─── RECORDS FOR THE TASK

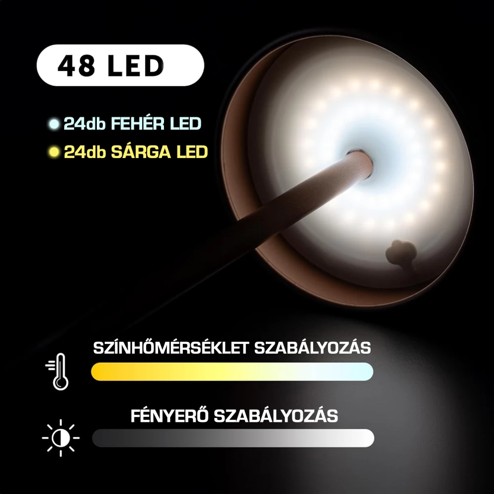 - Állítható fényerő és színhőmérséklet: A lámpa fényereje és színhőmérséklete több fokozatban állítható, így könnyedén alkalmazkodik az adott környezet hangulatához és igényeihez.
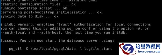 图中红框中文字所示,由于之前在配置文件中已经设定了环境变量 PGDATA ,因此可以直接使用命令 initdb 来完成数据库初始化操作。
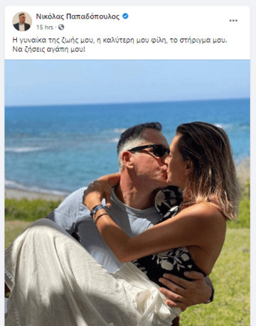 Η σύζυγος του Προέδρου του ΔΗ.ΚΟ, Γιώτα Παπαδοπούλου, είχε τα γενέθλια της και τα social media είχαν κατακλυστεί από εορταστικές φωτογραφία και τρυφερές ευχές. Ανάμεσα σ’ αυτούς που κοινοποίησαν υλικό, ήταν και ο Νικόλας Παπαδόπουλος, ο οποίος θέλησε να μοιραστεί μια άκρως ερωτική φωτογραφία και να μοιραστεί τις ευχές του.
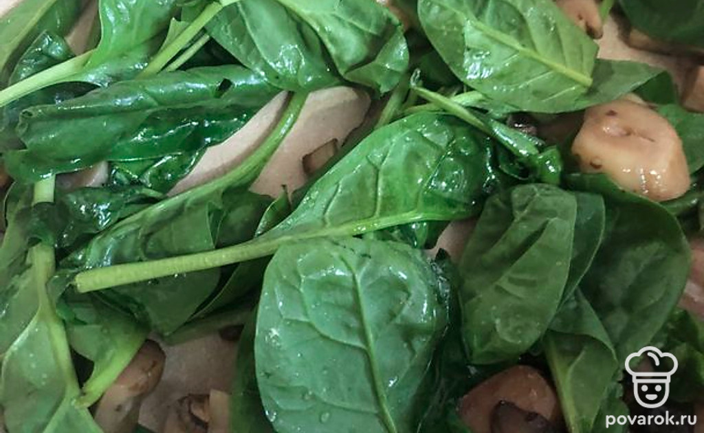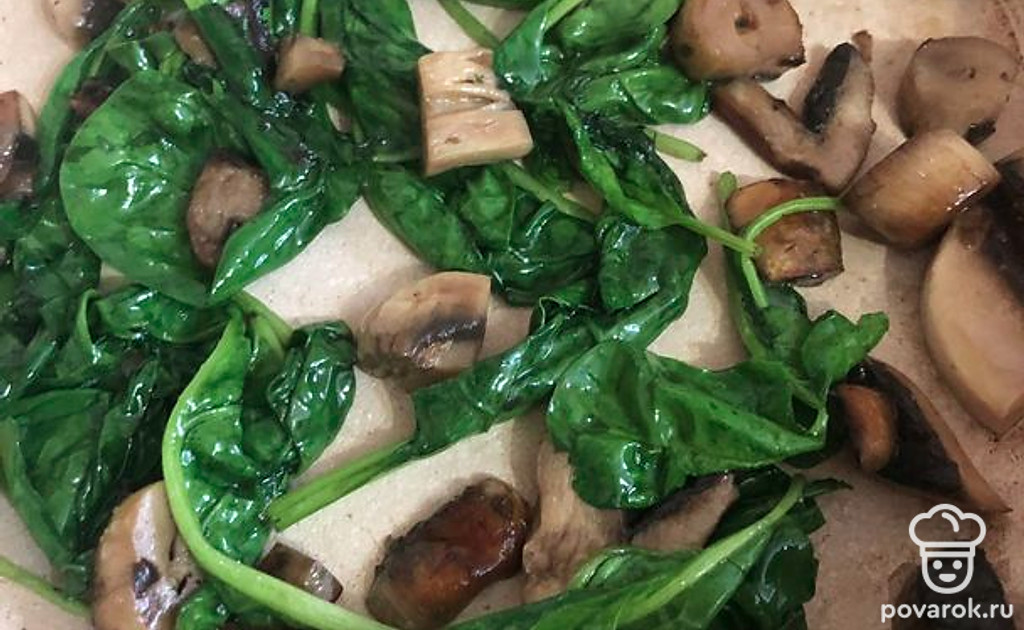 В сковороде на оливковом масле обжариваем грибы в течение 5-7 минут. Затем добавляем к ним шпинат и держим на огне еще минутку.
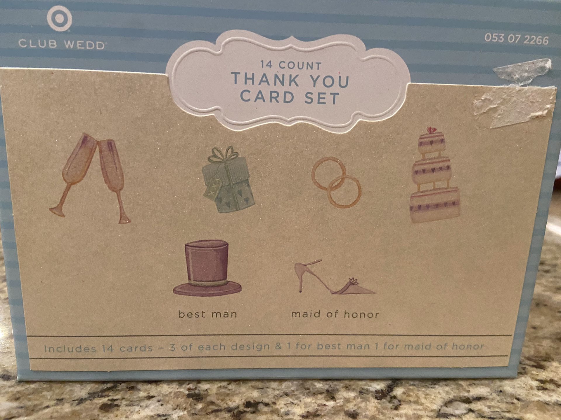 From Target Club Wedd. 14 Thank you card set for your wedding day. 3 of each design on the box and 1 specifically for your best man & maid of honor. Selling one box for $5.00. I have 2 new boxes if interested.
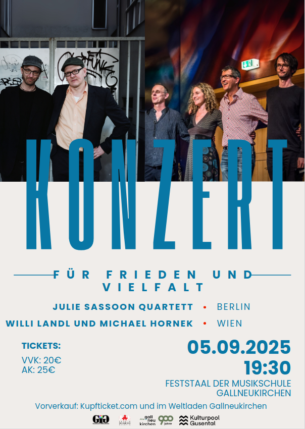 Den Auftakt am Freitag bildete ein wunderbarer Konzertabend mit zwei Bands, die auch einen lokalen Bezug zu Gallneukirchen haben: im ersten Teil des Abends begeisterte Willi Landl, gebürtiger Gallneukirchner, mit eindrucksvoll dargebrachten Songs zum Thema Frieden/Vielfalt von Weill, Kreisler u.a., genial begleitet von Pianist Michael Hornek. Eine besondere Überraschung bot das Duo mit der einfühlsamen Vertonung von 2 Texten, welche von Menschen mit Beeinträchtigung verfasst wurden. Beide Autoren – Elisabeth Stachl und Markus Klambauer – waren auch persönlich anwesend und wie das Publikum erfreut und berührt von der Darbietung.
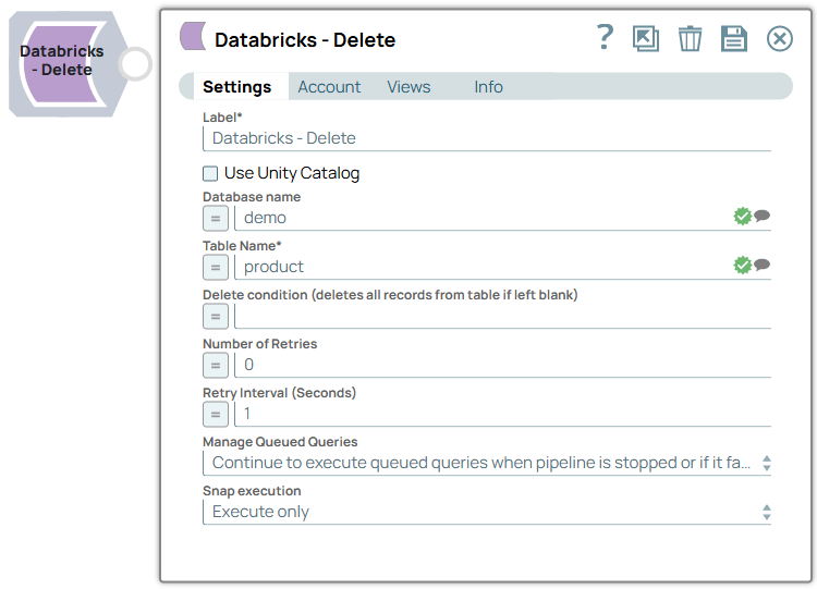 You can use this Snap to execute a Databricks SQL DELETE statement based on specific conditions. Ensure adequate discretion while using this Snap as it can truncate the table if run without specifying a WHERE condition for the DELETE statement.
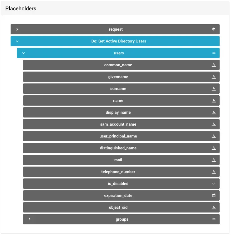 Wird der Baustein im Workflow verwendet, erhält der Baustein standardmäßig einen generisch beschreibenden Namen: Get Users wird zu Get Active Directory Users.
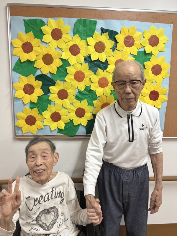 夏らしい『向日葵の壁面』の前で,笑顔でパシャリ♡
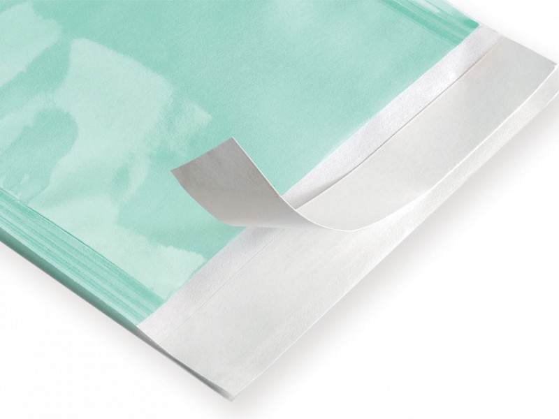 Samozatvorljive plosnate vrećice izrađene od prozirne zelene poliester-polietilenske folije spojene s medicinskim papirom koji omogućuje prodor pare i plina tijekom sterilizacije. Indikatori pare i plina mijenjaju boju kada su izloženi sterilizaciji.
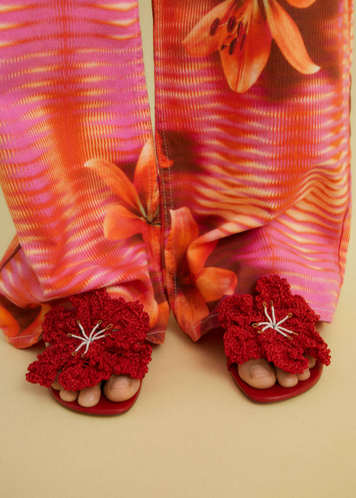 100 % cuir bovin. Détail en crochet. À bride arrière. Ouverture à l'avant. Talon kitten. Sans fermeture. Détail fleur. Le talon mesure 4 cm
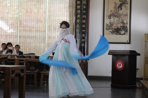 首先,贵州大学“国学社”带来诗经唱诵节目——《诗经·郑风·子衿》。该节目的含义是:鼓励那些尚未加入社团的同学主动成为“国学社”的一员,共同致力于经学的研习与礼乐文明的传承与弘扬。

──────

◆ **PROBLEM TO SOLVE**: With all pictures omitted, return exactly the lines from the one containing "夏らしい『向日葵の壁面』の前で,笑顔でパシャリ♡" through the end of the entries above.

◆ **EXERCISE SOLUTION**:
 夏らしい『向日葵の壁面』の前で,笑顔でパシャリ♡
 Samozatvorljive plosnate vrećice izrađene od prozirne zelene poliester-polietilenske folije spojene s medicinskim papirom koji omogućuje prodor pare i plina tijekom sterilizacije. Indikatori pare i plina mijenjaju boju kada su izloženi sterilizaciji.
 100 % cuir bovin. Détail en crochet. À bride arrière. Ouverture à l'avant. Talon kitten. Sans fermeture. Détail fleur. Le talon mesure 4 cm
 首先,贵州大学“国学社”带来诗经唱诵节目——《诗经·郑风·子衿》。该节目的含义是:鼓励那些尚未加入社团的同学主动成为“国学社”的一员,共同致力于经学的研习与礼乐文明的传承与弘扬。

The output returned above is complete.